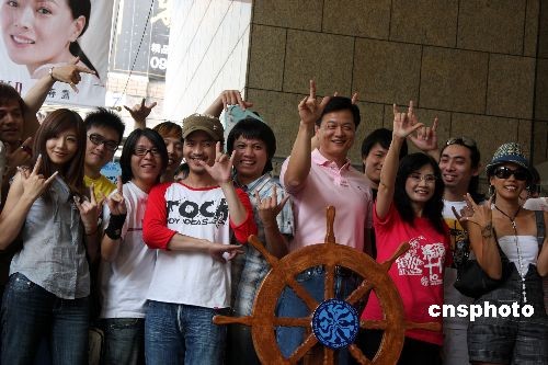 來(lái)自海峽兩岸及香港、澳門(mén)等地的多個(gè)搖滾樂(lè)隊(duì),將從7月10日起一連3天在臺(tái)北縣貢寮海洋音樂(lè)祭上演唱。圖為7月9日下午,臺(tái)北縣長(zhǎng)周錫瑋(前排右三)、縣觀光旅游局局長(zhǎng)秦慧珠(前排右二)與眾樂(lè)隊(duì)成員,在音樂(lè)祭啟動(dòng)記者會(huì)上做出搖滾手勢(shì)。中新社發(fā) 董會(huì)峰 攝
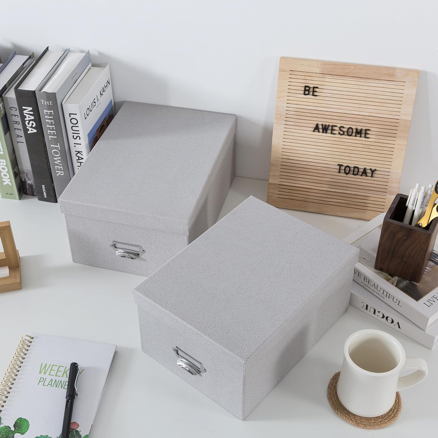 - PREMIUM KEEPSAKE STORAGE BOX: Each decorative storage box is crafted from durable paperboard with a textured finish. The subtle gray color complements any décor while the metal hardware adds vintage charm to these keepsake box organizers.
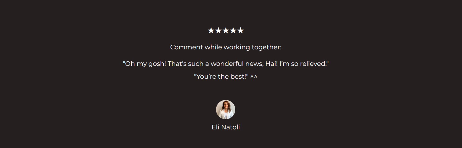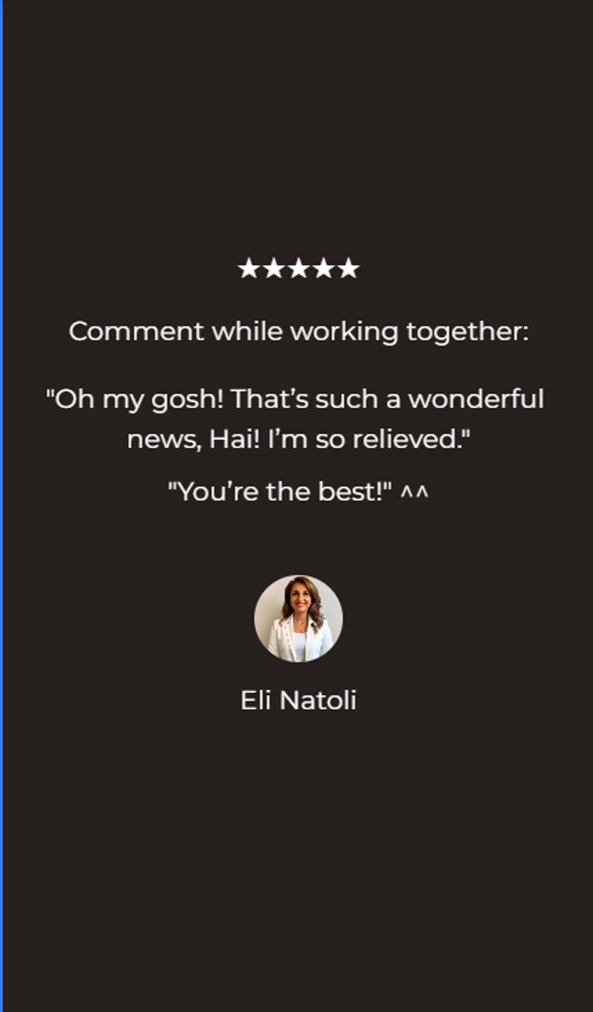 "Oh my gosh! That’s such a wonderful news, Hai! I’m so relieved."
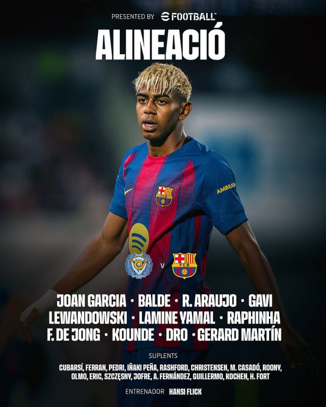 바르셀로나와 대구FC는 4일 오후 8시 대구스타디움에서 2025 아시아투어 에디션 2경기를 벌인다. 킥오프를 1시간여 앞두고 두 팀의 선발 명단이 공개됐다.
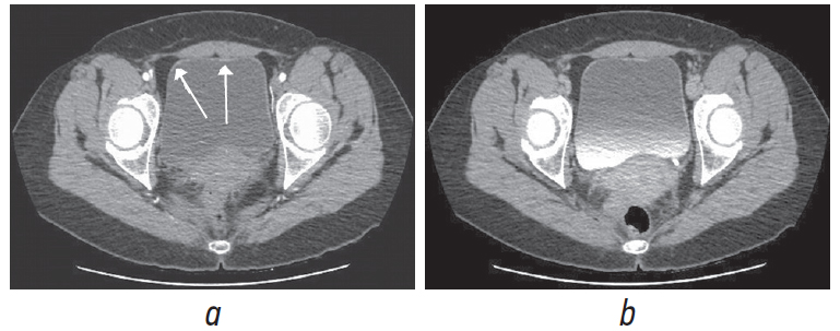 Fig. 2. Multislice computed tomography of the pelvis. Axial projection: а – native, b – with contrast enhancement. The arrow indicates the thickening of the bladder wall

## GOAL OF THE EXERCISE
In your transcription of the listing above, match each line exactly and include no pictures.

## OUTPUT
 來(lái)自海峽兩岸及香港、澳門(mén)等地的多個(gè)搖滾樂(lè)隊(duì),將從7月10日起一連3天在臺(tái)北縣貢寮海洋音樂(lè)祭上演唱。圖為7月9日下午,臺(tái)北縣長(zhǎng)周錫瑋(前排右三)、縣觀光旅游局局長(zhǎng)秦慧珠(前排右二)與眾樂(lè)隊(duì)成員,在音樂(lè)祭啟動(dòng)記者會(huì)上做出搖滾手勢(shì)。中新社發(fā) 董會(huì)峰 攝
 - PREMIUM KEEPSAKE STORAGE BOX: Each decorative storage box is crafted from durable paperboard with a textured finish. The subtle gray color complements any décor while the metal hardware adds vintage charm to these keepsake box organizers.
 "Oh my gosh! That’s such a wonderful news, Hai! I’m so relieved."
 바르셀로나와 대구FC는 4일 오후 8시 대구스타디움에서 2025 아시아투어 에디션 2경기를 벌인다. 킥오프를 1시간여 앞두고 두 팀의 선발 명단이 공개됐다.
 Fig. 2. Multislice computed tomography of the pelvis. Axial projection: а – native, b – with contrast enhancement. The arrow indicates the thickening of the bladder wall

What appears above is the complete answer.